One approach is to have an interface def language for R scripts that basically
provides a formal documentation of the R script inputs, outputs, and function.
This could be very similar in nature to what Chad and I did in Monarch
previously. Basically a 'WSDL' for R. The interface would list each of the
inputs that the script expects, its formal type, and how it expects to access it
(e.g., from a particular file, or through a particular stream). It would do the
same for the outputs, listing each output with its type and how delivered (e.g.,
file with name '/tmp/graph1.jpg' as output). The 'R actor' would then parse
this information and expose a dynamic set of prots with appropriate types, just
as the WSDL actor does. A user could then use an R script just by having the R
actor read this interface description. The interface description could even
contain the R script itself, which would make it a self-contained unit that
could be transported as an actor (only needing the 'R' actor to interpret and
run it). This is basically the framework we had in Monarch.
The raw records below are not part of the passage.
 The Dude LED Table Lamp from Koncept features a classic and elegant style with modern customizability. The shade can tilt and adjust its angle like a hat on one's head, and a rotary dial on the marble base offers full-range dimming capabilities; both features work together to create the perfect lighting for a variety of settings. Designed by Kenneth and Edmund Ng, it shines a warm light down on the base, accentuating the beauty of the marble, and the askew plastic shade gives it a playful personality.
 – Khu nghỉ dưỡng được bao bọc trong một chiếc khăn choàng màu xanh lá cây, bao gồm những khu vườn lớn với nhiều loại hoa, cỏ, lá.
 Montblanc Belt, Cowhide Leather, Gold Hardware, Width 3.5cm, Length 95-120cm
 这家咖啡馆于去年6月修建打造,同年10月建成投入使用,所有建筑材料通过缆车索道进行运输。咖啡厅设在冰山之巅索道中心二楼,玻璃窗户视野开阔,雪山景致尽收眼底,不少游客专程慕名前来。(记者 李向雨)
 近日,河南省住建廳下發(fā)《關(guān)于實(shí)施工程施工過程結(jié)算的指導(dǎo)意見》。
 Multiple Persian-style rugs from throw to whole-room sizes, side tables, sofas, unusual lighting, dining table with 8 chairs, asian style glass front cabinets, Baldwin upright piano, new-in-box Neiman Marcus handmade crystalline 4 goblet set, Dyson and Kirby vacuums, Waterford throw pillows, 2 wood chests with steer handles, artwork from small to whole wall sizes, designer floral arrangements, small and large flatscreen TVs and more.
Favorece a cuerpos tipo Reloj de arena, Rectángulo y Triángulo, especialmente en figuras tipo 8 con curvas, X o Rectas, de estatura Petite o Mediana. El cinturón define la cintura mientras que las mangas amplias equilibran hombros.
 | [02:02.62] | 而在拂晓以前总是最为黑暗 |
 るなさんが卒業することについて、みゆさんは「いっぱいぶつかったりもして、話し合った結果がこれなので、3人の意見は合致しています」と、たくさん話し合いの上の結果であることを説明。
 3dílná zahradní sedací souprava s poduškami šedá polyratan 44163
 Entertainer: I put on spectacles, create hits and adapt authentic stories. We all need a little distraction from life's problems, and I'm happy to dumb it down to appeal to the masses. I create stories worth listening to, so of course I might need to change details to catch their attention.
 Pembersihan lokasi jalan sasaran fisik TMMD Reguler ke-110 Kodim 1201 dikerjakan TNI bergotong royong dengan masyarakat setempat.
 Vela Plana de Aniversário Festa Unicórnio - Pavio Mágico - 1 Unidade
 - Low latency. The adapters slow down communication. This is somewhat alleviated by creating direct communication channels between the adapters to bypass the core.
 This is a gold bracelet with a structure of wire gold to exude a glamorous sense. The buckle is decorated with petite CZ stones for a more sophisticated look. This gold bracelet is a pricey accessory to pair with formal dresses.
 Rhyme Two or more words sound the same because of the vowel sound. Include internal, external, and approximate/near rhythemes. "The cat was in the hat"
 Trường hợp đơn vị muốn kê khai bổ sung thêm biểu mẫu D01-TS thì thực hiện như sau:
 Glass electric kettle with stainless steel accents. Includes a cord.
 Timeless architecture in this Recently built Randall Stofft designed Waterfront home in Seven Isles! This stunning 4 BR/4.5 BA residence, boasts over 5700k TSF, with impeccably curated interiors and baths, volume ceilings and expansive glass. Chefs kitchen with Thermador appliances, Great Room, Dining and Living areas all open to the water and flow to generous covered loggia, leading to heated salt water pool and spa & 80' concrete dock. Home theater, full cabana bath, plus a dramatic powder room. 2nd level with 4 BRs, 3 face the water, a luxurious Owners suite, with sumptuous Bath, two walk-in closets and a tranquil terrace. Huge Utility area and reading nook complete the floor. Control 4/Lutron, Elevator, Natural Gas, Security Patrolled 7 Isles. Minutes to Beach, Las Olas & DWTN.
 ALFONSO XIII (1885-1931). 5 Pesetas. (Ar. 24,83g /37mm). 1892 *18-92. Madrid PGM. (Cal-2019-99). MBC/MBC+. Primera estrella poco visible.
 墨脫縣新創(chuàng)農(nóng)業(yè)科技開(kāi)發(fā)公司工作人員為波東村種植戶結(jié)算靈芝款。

This system also would enable us to have an 'R import dialog' in which someone
can list the inputs and outputs of an R script, associate them with files or
streams, and paste in the R script, which would then generate an R interface def
and allow it to be stored in the library tree as a specialized R actor. This
interface already partly exists in the 'New actor' functionality that chad
developed for Kepler, in that it allows the i/o signature of an actor to be
stubbed out.
In this scenario, the R actor would get re-written to only contain one
parameter, which is a pointer to the R-script interface file. From that file it
can get everything it needs to ingest the inputs, run the script (through
commandline or otherwise), and expose the outputs on the output ports with the
proper types. This is exactly analogous to how the EML actor works and the WSDL
actor works, so we have existing code that shows how this can be done.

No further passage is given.